Cliffs Natural Resources (CLF) is mainly exposed to the US domestic steel market. It has long-term contracts with US steelmakers and is affected much more by what’s happening in the US steel sector than in the seaborne iron ore market.
After Donald Trump’s US election win, most analysts are becoming optimistic about the US steel sector, given Trump’s focus on protectionism and infrastructure. Jefferies has upgraded U.S. Steel (X) from a “hold” to a “buy” rating with a target price of $26. Jefferies stated, “The US steel industry should stand out as a unique beneficiary of a Trump presidency. Protectionism will significantly rise…the US is already short steel, and falling imports will improve domestic pricing power.”
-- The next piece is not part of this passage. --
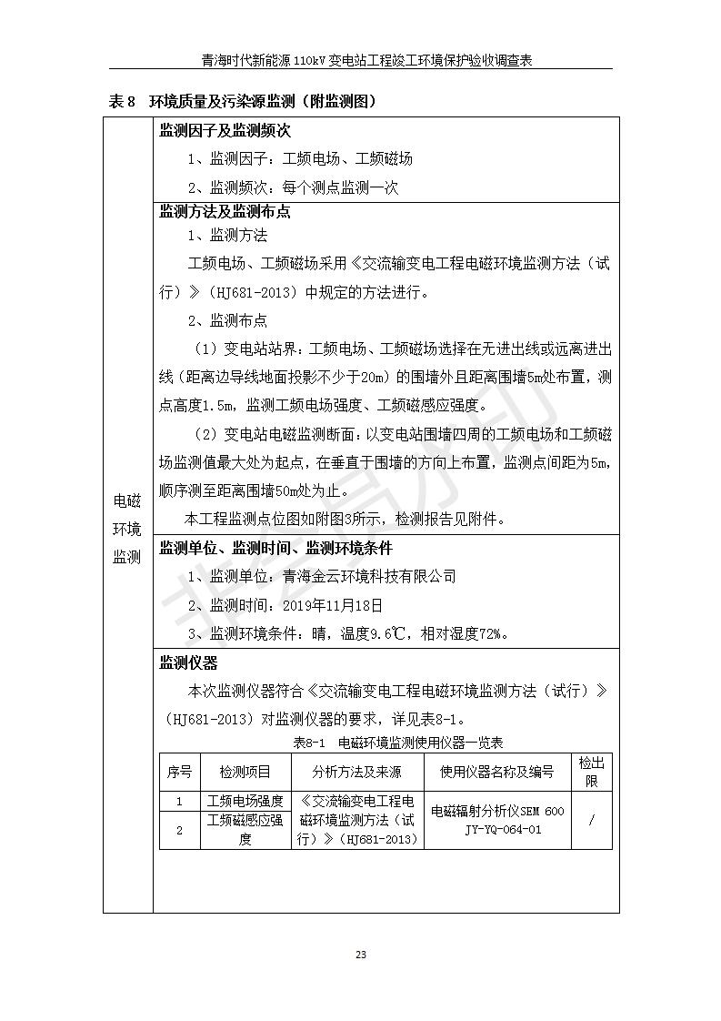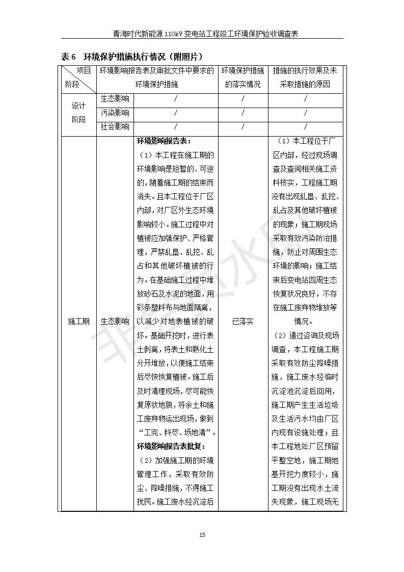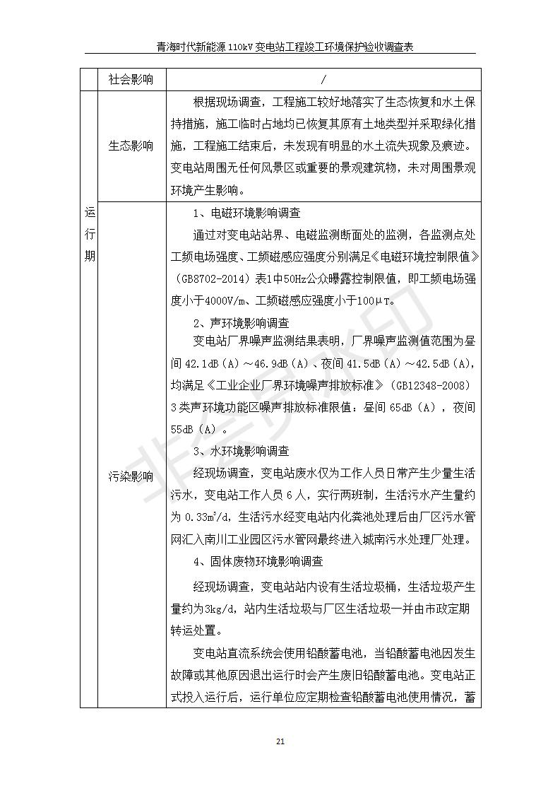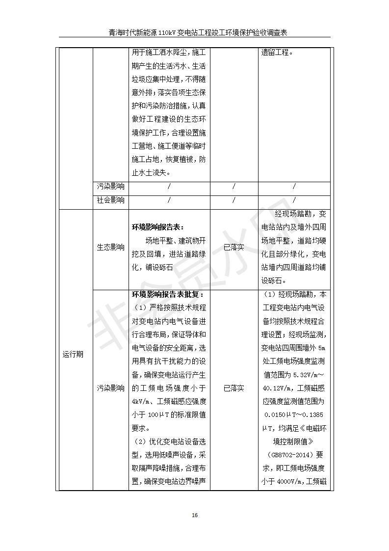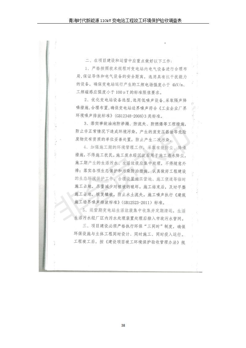 青海時(shí)代新能源110kV變電站工程竣工環(huán)境保護(hù)驗(yàn)收調(diào)查表公示發(fā)布日期:(2020-1-14) 點(diǎn)擊次數(shù):2836 |

Morgan Stanley (MS) also turned bullish on US steel stocks (SLX) after the election. Its analyst Evan Kurtz wrote, “We believe Trump’s plans for infrastructure spending and trade protection, as two of the most digestible of his proposals, could be early in the queue.” Kurtz upgraded both U.S. Steel and AK Steel (AKS) from “equal weight” to “overweight.”
Better fortunes for the US steel sector also bode well for Cliffs Natural Resources (CLF), the only North American pure-play iron ore pellet supplier. Kurtz upgraded Cliffs from “underweight” to “equal weight” and increased its target price from $3 to $9.
JPMorgan Chase (JPM) raised its target prices for steel stocks as well as for Cliffs on November 29, 2016. JPM has an “overweight” rating on CLF. It’s raised the company’s target price from $7 to $10.
…followed by downgrades
Macquarie, on the other hand, downgraded six steel stocks on November 29, 2016. AKS, Nucor (NUE), and Steel Dynamics (STLD) were three of those names. This downgrade followed a steep rally after Trump’s win.
According to a Macquarie analyst, “Most steel stocks have exceeded our target prices, and still exceed them even after we raised them to reflect the impact of this price move to $550–$560. While we expect the price current move to $550–$560 a ton to succeed, we don’t see further moves beyond that as likely. Steel prices will be higher than we earlier thought. But at this point, steel prices look exposed to a stronger US dollar.”